The dataset called RIWA represents a pixel-wise binary river water segmentation. It consist of manually labelled smartphone, drone and DSLR images of rivers as well as suiting images of the Water Segmentation Dataset and high quality AED20K images. The COCO dataset was withdrawn since the segmentation quality is extremely poor.
Version 2: (declared as Version 4 by kaggle) - contains 1142 training, 167 validation and 323 test images. - Min size: 400 x 400 (h x w) - High quality segmentations. If you find an error, please message us.
Version 1: - contains 789 training, 228 validation and 111 test images. - Min size: 174 x 200 (hxw) - Some segmentations are not perfect.
If you use this dataset, please cite as:
@misc{RIWA_Dataset,
title={River Water Segmentation Dataset (RIWA)},
url={https://www.kaggle.com/dsv/4901781},
DOI={10.34740/KAGGLE/DSV/4901781},
publisher={Kaggle},
author={Xabier Blanch and Franz Wagner and Anette Eltner},
year={2023}
}
Contact: - Xabier Blanch, TU Dresden see at SCIENTIFIC STAFF - Franz Wagner, TU Dresden - Anette Eltner, TU Dresden
In 2023, we carried out a comparison to find the best CNN on this domain. If you are interested, please see our paper: River water segmentation in surveillance camera images: A comparative study of offline and online augmentation using 32 CNNs.
We conducted the tests using the AiSeg GitLab repository. It is capable of interactively train 2D and 3D CNNs, augmenting data with offline and online augmentation, analyzing single networks, comparing multiple networks, and applying trained CNNs to new data. The RIWA dataset can be used directly.
The handling of natural disasters, especially heavy rainfall and corresponding floods, requires special demands on emergency services. The need to obtain a quick, efficient and real-time estimation of the water level is critical for monitoring a flood event. This is a challenging task and usually requires specially prepared river sections. In addition, in heavy flood events, some classical observation methods may be compromised.
With the technological advances derived from image-based observation methods and segmentation algorithms based on neural networks (NN), it is possible to generate real-time, low-cost monitoring systems. This new approach makes it possible to densify the observation network, improving flood warning and management. In addition, images can be obtained by remotely positioned cameras, preventing data loss during a major event.
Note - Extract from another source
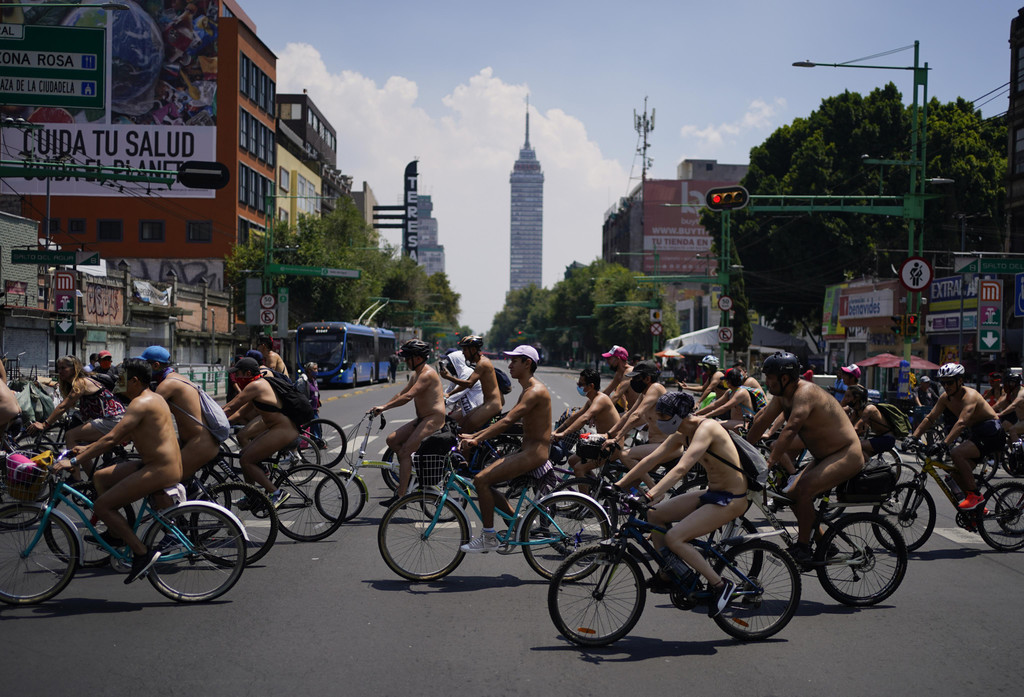 Mexiko-Stadt: Nackt-Radler protestierten gegen Autoverkehr

The workflow we have developed for real-time monitoring consists of the integration of 3 different techniques. The first step consists of a topographic survey using Structure from Motion (SfM) strategies. In this stage, images of the area of interest are obtained using both terrestrial cameras and UAV images. The survey is completed by obtaining ground control point coordinates with multi-band GNSS equipment. The result is a 3D SfM model georeferenced to centimetre accuracy that allows us to reconstruct not only the river environment but also the riverbed.
The second step consists of segmenting the images obtained with a surveillance camera installed ad hoc to monitor the river. This segmentation is achieved with the use of convolutional neural networks (CNN). The aim is to automatically segment the time-lapse images obtained every 15 minutes. We have carried out this research by testing different CNN to choose the most suitable structure for river segmentation, adapted to each study area and at each time of the day (day and night).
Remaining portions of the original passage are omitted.